When it comes to the spot BTC ETFs, there is debate as to the extent to which they will move price, and over what time period, but what is generally agreed upon is that, from a traditional finance point of view, they bring greater legitimacy to Bitcoin and, by extension, the rest of crypto.

PayPal Restates Crypto Intent

Last week, PayPal, which launched its own stablecoin, PYUSD, earlier this year, published a post titled Pay How You Want, the content of which emphatically clarifies the payments giant's intent to enable crypto use.

The post begins by explaining that transactions are “an expression of our financial autonomy”, tells the historical story of the digital shift brought by internet technology and ecommerce, and details the three-decades long requirement for “fast, cheap, global payments”, before concluding that:

“Blockchain is the new financial rail — the new payment rail. Blockchain technology collapses how payments look and how they actually operate. Settlement times are near instant to both a customer and a business — at any time, anywhere in the world. This cannot be understated; blockchain technology is the only technology that offers a fundamentally new way of doing payments.”

FASB Crypto Accounting Changes

Earlier this year, MicroStrategy's Executive Chairman, Michael Saylor, suggested that three things are required for Bitcoin to dramatically take off: spot ETFs, banks that custody BTC and lend against BTC, and crypto-related changes to some of the rules at the Financial Accounting Standards Board (FASB).

As we've seen, those ETFs await approval, but new accounting rules are incoming, as the FASB in September announced that it will allow companies to use fair-value accounting on crypto assets, meaning balance sheets can accurately capture changes in crypto asset valuations. Up to now, gains in value have not been reflected on balance sheets, but the new rules have changed that, making holding crypto more viable for companies wishing to explore the asset class.
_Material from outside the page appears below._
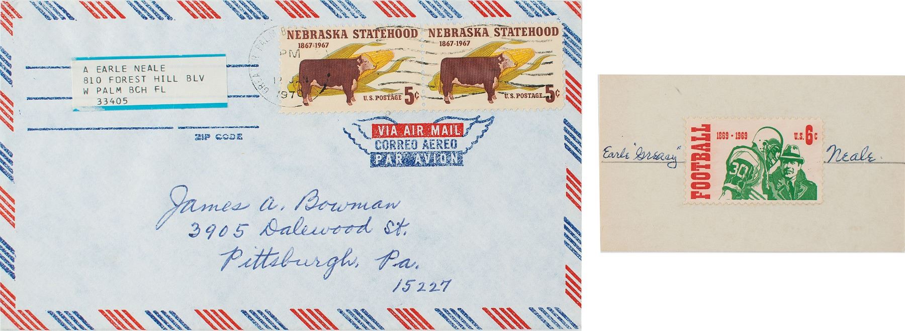 Ballpoint signature, "Earle 'Greasy' Neale,” on an off-white 3.5 x 2 card bearing an affixed postage stamp honoring the centennial of football. In fine condition. Accompanied by the original mailing envelope.

HSBC Token Custody Services

Over at HSBC, the bank is expanding its scope to offer further blockchain-based services to institutional clients, although it should be noted that this is in relation to tokenized versions of non-crypto assets.
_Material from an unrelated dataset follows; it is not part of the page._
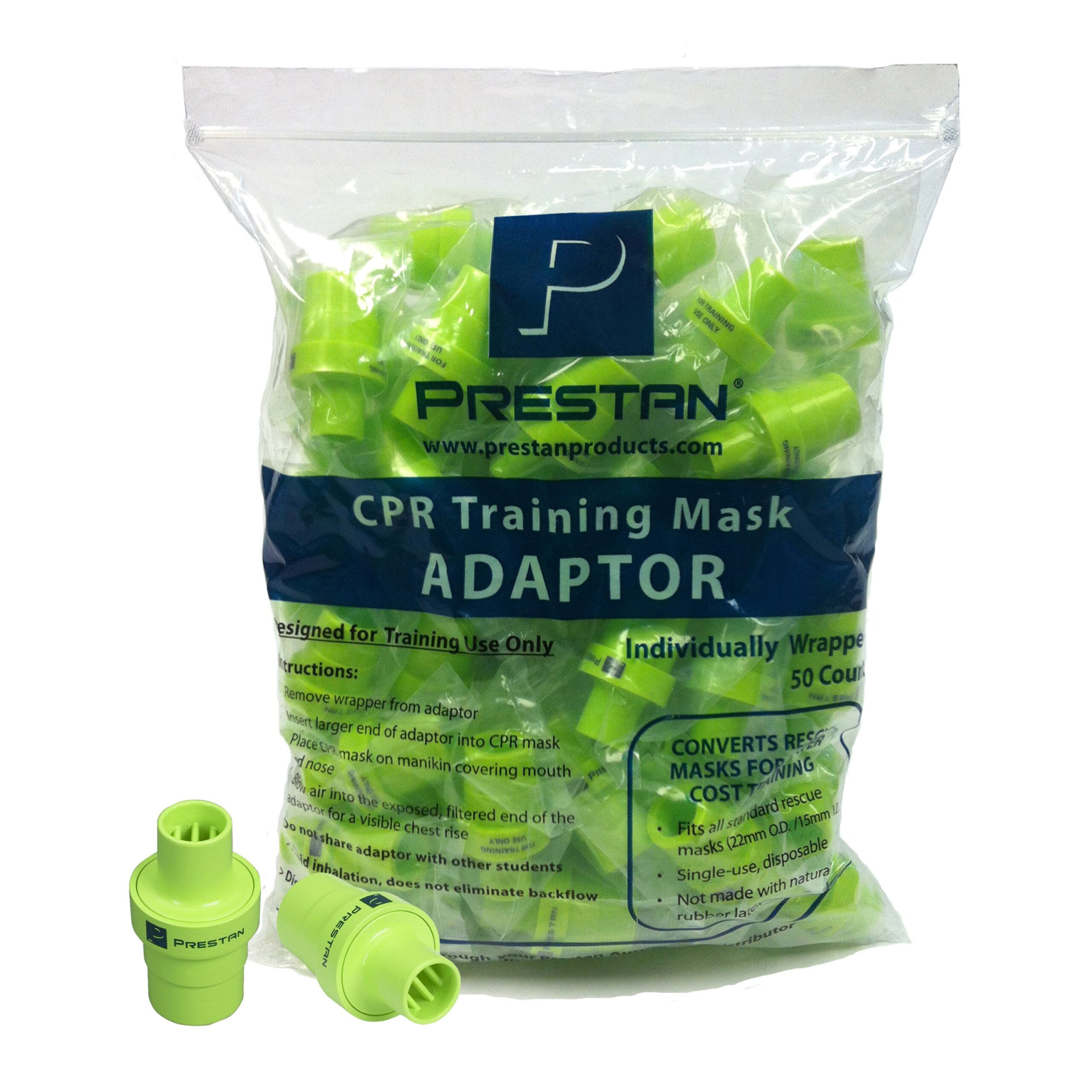 Prestan CPR Training Mask Adaptors (individually wrapped), available in 10-count and 50 count bags

The bank already offers custody of tokenized securities through its Orion platform and is now planning, in collaboration with digital asset specialist Metaco, to offer tokenized representations of physical gold and other traditional assets.
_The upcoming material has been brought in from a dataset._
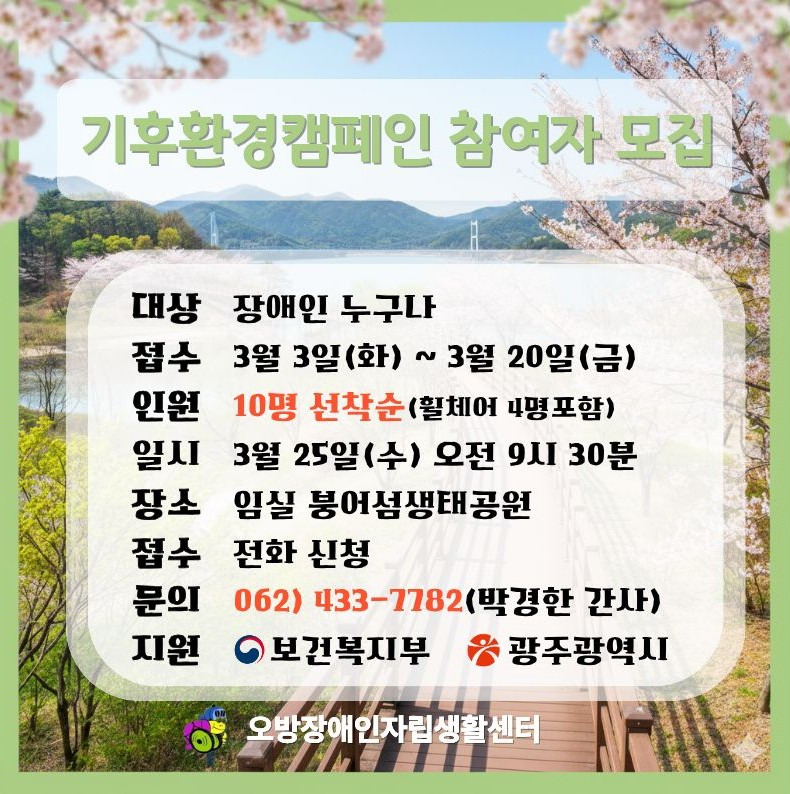 인원 : 10명 선착순(휠체어 4명포함)

JP Morgan Coin Surges in Use

JP Morgan launched operations using its in-house JPM Coin back in 2020, and while this is a stablecoin run on a private blockchain for institutional clients, it's quietly proving the worth of round-the-clock blockchain solutions within traditional finance. In fact, in October, JP Morgan let it be known that daily transactions with JPM Coin now amount to over $1 billion.

This demonstrates a huge increase in use, as just a few months ago, in June, it was reported that there had been $300 million in JPM Coin transactions since it first launched. Part of the subsequent increase may be due to an expansion this year to enable transactions in euros as well as in US dollars.

CME Overtakes Binance for Bitcoin Futures OI

An indicator of mainstream interest in Bitcoin trading can be found in the data on BTC Futures Open Interest. This week, marketplace operator, CME Group, briefly took the largest share of the futures market, pushing Binance into second place. This is significant as CME is overwhelmingly a venue for traditional finance, while Binance is crypto-native.

While Binance was, at the time of writing, back on top again, a trend towards the involvement of traditional finance is nonetheless apparent, and it’s one that only looks set to heighten in the coming year, as the institutions, this time, appear ready to make their presences felt.